But can any Gulf leader risk facilitating what, to all intents and purposes, would amount to ethnic cleansing and a violation of international law — not to mention the fury it would whip up on their own streets, possibly imperiling their regimes?
The Salafi-Jihadist enemies of the Gulf’s royal families would make massive political capital with the uprooting of Gazans and all its echoes of past displacements, including the nakba (catastrophe) — the flight and expulsion of an estimated 700,000 Palestinians in 1948.
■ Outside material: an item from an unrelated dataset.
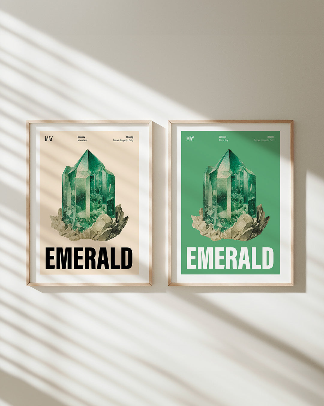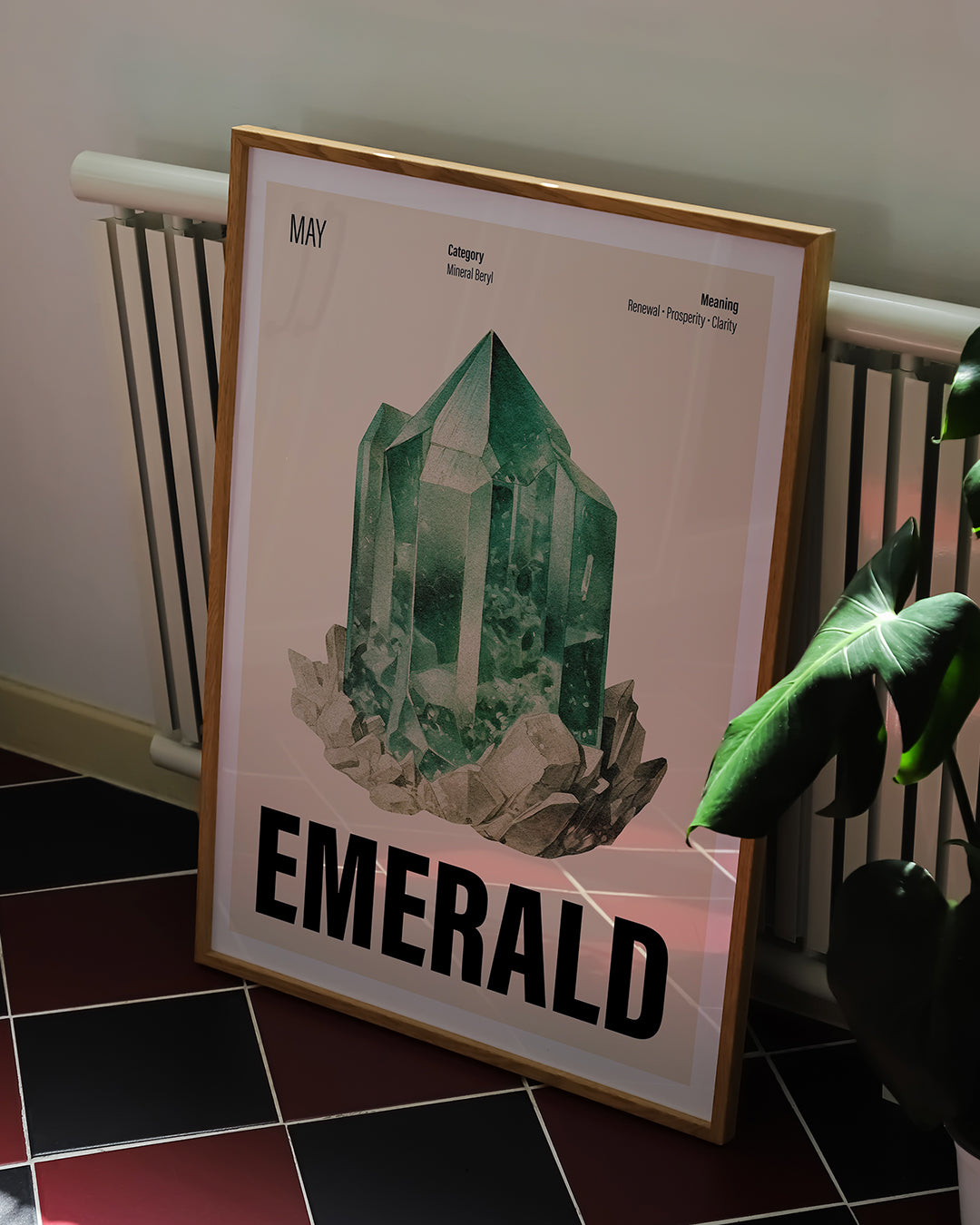 Our vintage-inspired May birthstone poster features a watercolour emerald illustration which combines positive energy with a classic infographic style.

In his speech, Trump also name-checked Egypt and Jordan as possible destinations for displaced Palestinians. However, both Egypt’s Abdel Fattah el-Sisi and Jordan’s King Abdullah have repeatedly opposed Trump’s plan to resettle Palestinians from the Gaza Strip in their respective countries. They’ve also been warning him since his first week in office, when the newly inaugurated president breezily told reporters : “I have helped [Sisi] a lot, and I hope he will help us. I think he will take in Palestinians from Gaza, and I believe the King of Jordan will do the same.”
The Trump administration is gambling on being able to strong-arm Cairo and Amman by threatening to cut U.S. aid, as both countries are directly dependent on it. Without aid they would be forced to introduce austerity measures, risking political and economic turmoil. Just last week, Trump hinted at the leverage he feels he has: “They will do it. They will do it… We do a lot for them, and they’re gonna do it,” he said.
But so far, the hints of financial blackmail have not been working. The Egyptian leader repeated his rejection of resettling any Palestinians in his country last week, saying: “The displacement and removal of the Palestinian people from their lands is an injustice that we will never participate in.” And Abdullah told European officials in Brussels that Jordan remains unwavering “on the necessity of establishing Palestinians on their land and gaining their legitimate rights, in accordance with the two-state solution.”
Moreover, as these messages didn’t seem to be getting through, top diplomats from Egypt, Jordan, the United Arab Emirates, Saudi Arabia and Qatar all flatly rejected any forcible displacement of Palestinians during a meeting in Cairo on Saturday: “We affirm our rejection of [any attempts] to compromise Palestinians’ unalienable rights, whether through settlement activities, or evictions or annex of land or through vacating the land from its owners … in any form or under any circumstances or justifications,” they said in a joint communiqué.